No picture belongs in the copy. Repeat each line below exactly.

________

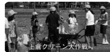
上倉クリーン大作戦

児童会が中心となって、「上倉クリーン大作戦」を実施。上倉用悪水を中心に、1年生から6年生まで、田畑の間にある用水や道路に落ちているごみを拾い、空き缶や車のタイヤ、ペットボトルなど、軽トラック2杯分のごみを集めました。そのかいあってか、地域の人たちも、散歩の途中にごみを拾ってくれるようになりました。これからも、きれいな環境にする活動を考えていきます。
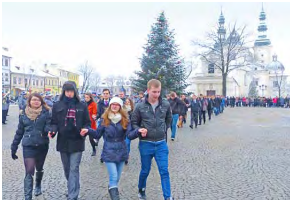
Poloneza zatańczyło 200 maturzystów ze wszystkich szkół średnich podległych łowickiemu starostwu.
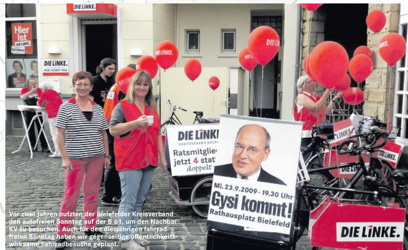
Vor zwei Jahren nutzten der Bielefelder Kreisverband den autofreien Sonntag auf der B 61, um den Nachbar KV zu besuchen. Auch für den diesjährigen fahradfreien Sonntag haben wir gegenseitige öffentlichkeitswirksame Fahrradbesuche geplant.
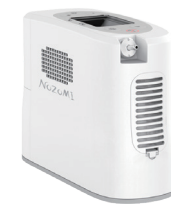
バッテリー付き本体

________

ANSWER BELOW:
上倉クリーン大作戦

児童会が中心となって、「上倉クリーン大作戦」を実施。上倉用悪水を中心に、1年生から6年生まで、田畑の間にある用水や道路に落ちているごみを拾い、空き缶や車のタイヤ、ペットボトルなど、軽トラック2杯分のごみを集めました。そのかいあってか、地域の人たちも、散歩の途中にごみを拾ってくれるようになりました。これからも、きれいな環境にする活動を考えていきます。
Poloneza zatańczyło 200 maturzystów ze wszystkich szkół średnich podległych łowickiemu starostwu.
Vor zwei Jahren nutzten der Bielefelder Kreisverband den autofreien Sonntag auf der B 61, um den Nachbar KV zu besuchen. Auch für den diesjährigen fahradfreien Sonntag haben wir gegenseitige öffentlichkeitswirksame Fahrradbesuche geplant.
バッテリー付き本体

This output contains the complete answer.